Note: File three copies of this Form, one of which must be manually signed. If space is insufficient, see Instruction 6 for procedure.
Persons who respond to the collection of information contained in this form are not required to respond unless the form displays a currently valid OMB Number.
* Form 4: SEC 1474 (03-26)

FAQ

What insider transaction did Everest Group (EG) director Howard John M report?

Everest Group director Howard John M reported receiving 86 Common Shares as compensation. The shares were granted under the 2003 Non-Employee Director Plan, representing his quarterly retainer paid in stock instead of cash pursuant to Rule 16b-3.

How many Everest Group (EG) shares were granted and at what price?

Howard John M was granted 86 Everest Group Common Shares at a fair market value of $360.78 per share. This value represents the cash retainer amount he elected to receive in stock under the company’s non-employee director compensation plan.

Was the Everest Group (EG) director’s Form 4 transaction an open-market purchase?

The transaction was not an open-market purchase; it was a compensation grant. The director elected to receive his quarterly retainer in Common Shares under the 2003 Non-Employee Director Plan, in a transaction completed under Rule 16b-3 instead of buying shares on the market.

How many Everest Group (EG) shares does Howard John M own after this grant?

After the compensation grant, Howard John M directly holds 2,343 Everest Group Common Shares. This total reflects his position following receipt of the 86-share award reported in the Form 4, as disclosed in the post-transaction holdings figure.

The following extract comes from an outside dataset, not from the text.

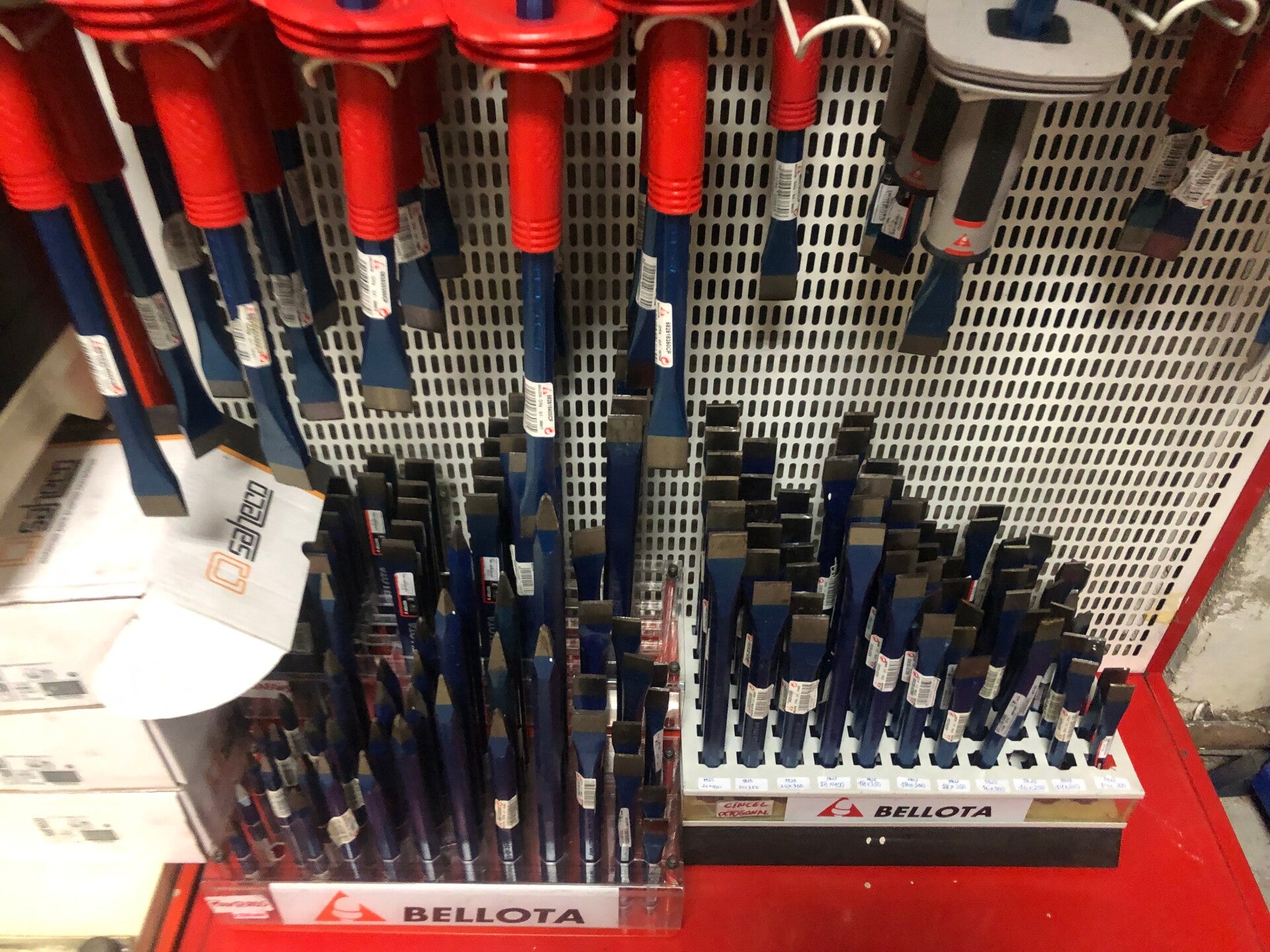 Tenazas, alicates, destornilladores, brocas, mordaza, escaleras de distintas alturas, ruedas y ganchos, limas, escofinas, llaves, mangos, sierras y serruchos, tornillería etc.

What is the 2003 Non-Employee Director Plan at Everest Group (EG)?

The 2003 Non-Employee Director Plan provides compensation to non-employee directors, including the option to take retainers in stock. In this case, the director chose to receive his quarterly retainer as Common Shares, rather than in cash, under this plan.

What does Rule 16b-3 mean for this Everest Group (EG) stock grant?

Rule 16b-3 provides an exemption for certain insider transactions that are board-approved compensation arrangements. The filing states this director’s stock grant was completed under Rule 16b-3, reflecting that it is a structured compensation award rather than a discretionary trading transaction.